Возле его низкой закопченной трубы вытянулся высокий солдат — часовой. Он стоял, как пригвожденный, потом, видно желая согреться или стряхнуть сон, потопывал ногами и снова застывал. У его ног, подобно псу, готовому кинуться на человека, ощерился пулемет. А рядом с пулеметом, перед штурманской будкой, стояла мелкокалиберная пушка. Внутри будки два человека в потрепанных белых фуражках держались за штурвал и, крутя его во все стороны, пели какую-то песню. Внизу сквозь иллюминаторы, почти касавшиеся воды, на реку падали снопы бледного света. В одной из кают виднелся огонь, но с наступлением зари он стал тускнеть. У окна этой самой каюты стоял еще один часовой.
Заметив солдат, Ильсеяр юркнула за спину отца. Потягивая его за рукав, она зашептала:
— Как бы не выстрелил, папа!
— Стрелять-то не будут… Только вот на бакен могут наскочить, — сказал Мэрдан с тревогой.
А пароход, точно козел, собравшийся пронзить рогами котенка, несся прямо на красный бакен. Это уже было действительно опасно! Пароход сядет на мель, а Мэрдана обвинят в том, что он неправильно расставил бакены, и расстреляют без всякого.
— Папа, дай скорее сигнал, а то на мель сядут! — потянула Ильсеяр отца за рубаху.

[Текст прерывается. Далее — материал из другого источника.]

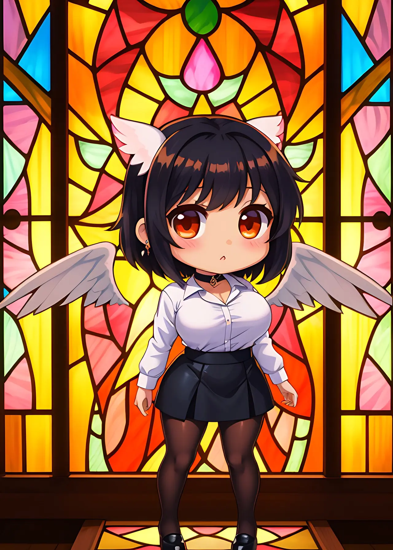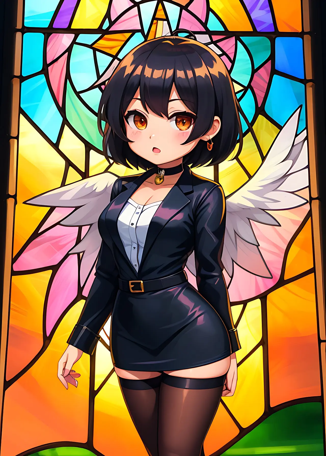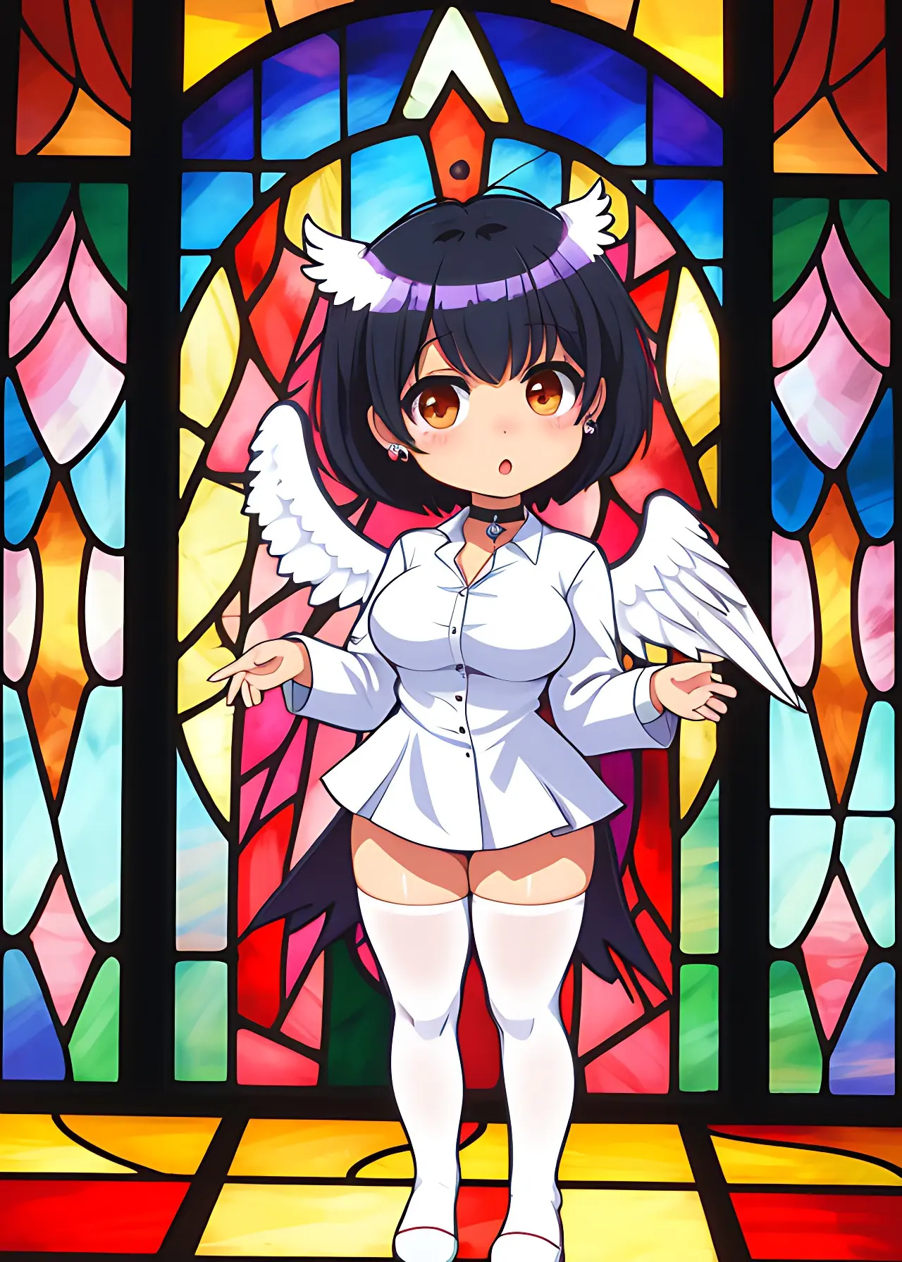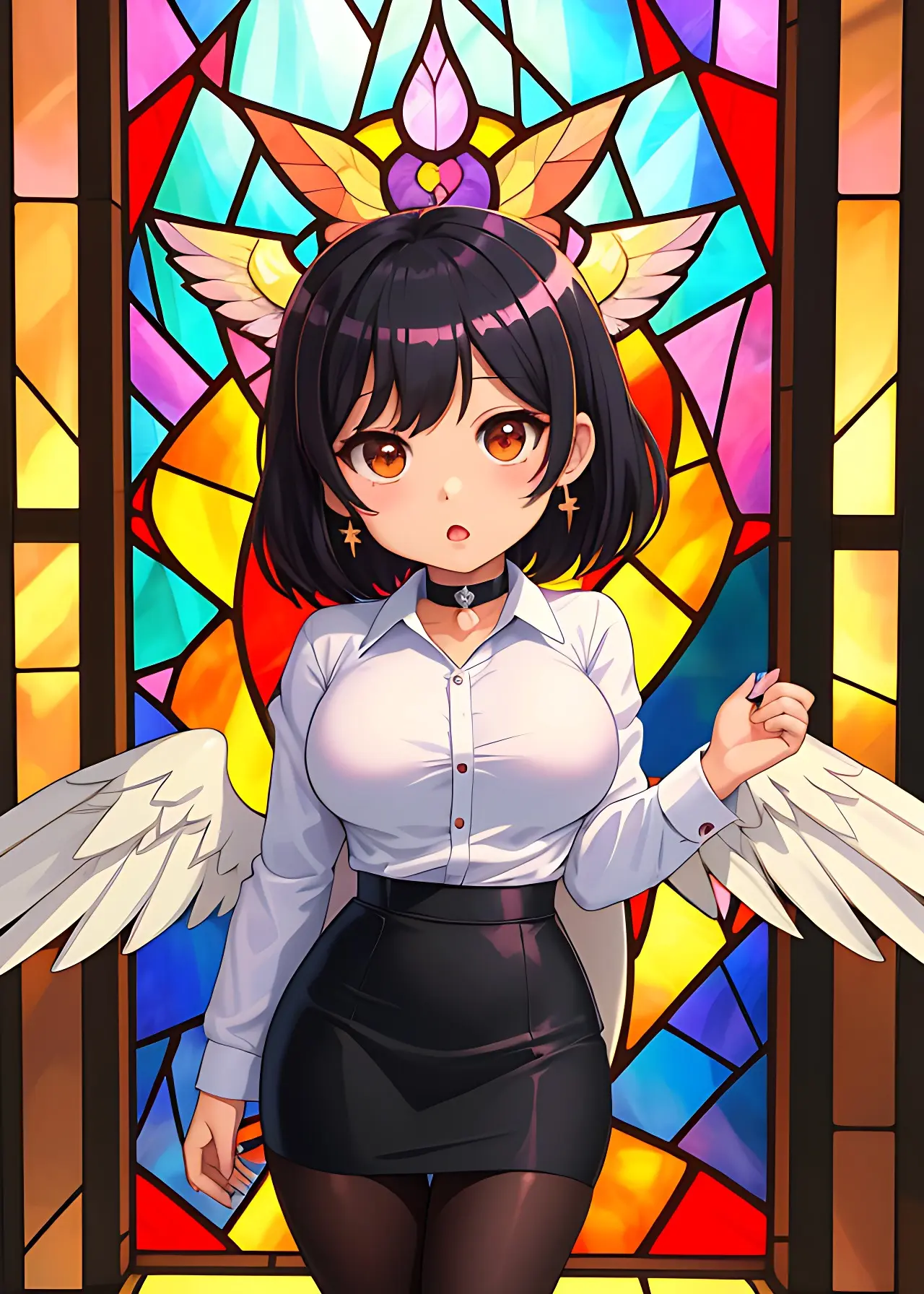 彼女の翼はステンドグラスの模様か、はたまた彼女の一部か。
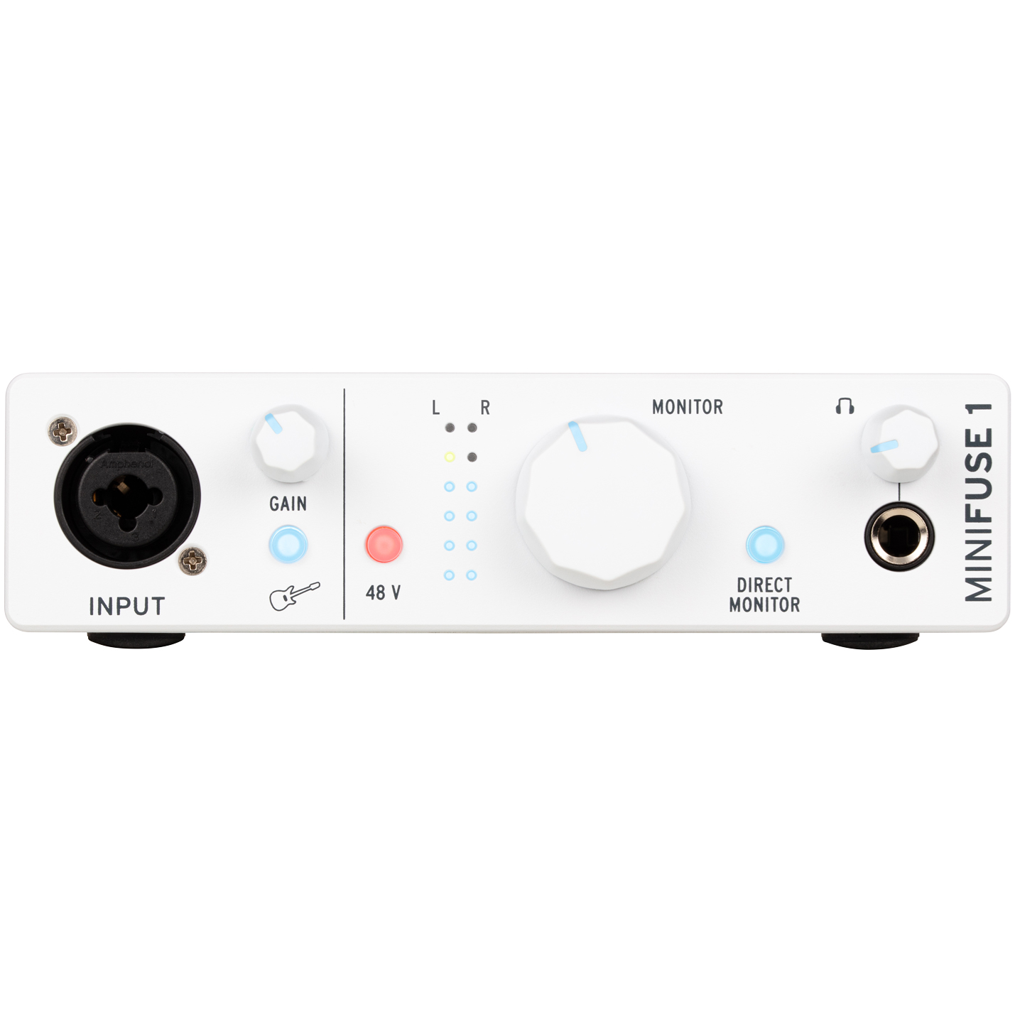 MiniFuse 1, här i vitt utförande, är det mest kompakta externa USB-ljudkortet i Arturias MiniFuse-serie. Kortet har en kombinerad ingång för mikrofon- (med 48V fantommatning), instrument- (Hi-Z) eller linjesignal, två utgångar för högtalare, en hörlurutgång samt en inbyggd USB-hubb.

Мэрдан и сам видел, что нельзя медлить, и, подняв к губам поржавевший рупор, крикнул:
— Эй! Влево! На мель лезете!..
Штурманы, видно, не слышали.
Мэрдан крикнул еще раз, те не обратили внимания. А когда выбежавший на сигнал Мэрдана капитан дал команду «Влево!», было уже поздно. Пароход с ходу повалил бакен, с грохотом протащился немного вперед, дрогнул всем корпусом и стал как вкопанный. Капитан в белоснежной своей форме кубарем полетел по лестнице, его белая фуражка покатилась и упала прямо в воду. Часовой на мостике покачнулся и опрокинулся навзничь. Из трубы парохода повалил густой черный дым, и тут же раздался гудок — осипший, тревожный. Он понесся по Белой, ударяясь о крутые берега, и затих где-то очень далеко.
По тревоге в каютах один за другим зажглись огни. На палубу высыпали солдаты, офицеры, — кто в шинели, кто в гимнастерке. Все кричали, ругались.
Суматоха прекратилась быстро. На капитанском мостике показался очень худой, жилистый офицер в белых перчатках, и все, словно обвиняемые в ожидании приговора, тотчас же затихли.
Капитан подошел к офицеру и, отдав честь, обратился к нему:
— Разрешите доложить, господин полковник. Пароход сел на мель, штурманы оказались пьяными, вывели пароход с фарватера. Виновные взяты под арест. Позвольте отправить человека к здешнему бакенщику для наведения справок о местности.
— Привести ко мне его самого!
Мэрдан облегченно вздохнул. Рапорт капитана выручил его из весьма возможной беды. Даже Ильсеяр сообразила это и вылезла из-за спины отца. Не ожидая приказа, Мэрдан спустился вниз, забрался в лодку и, широко взмахивая веслами, отчалил к пароходу.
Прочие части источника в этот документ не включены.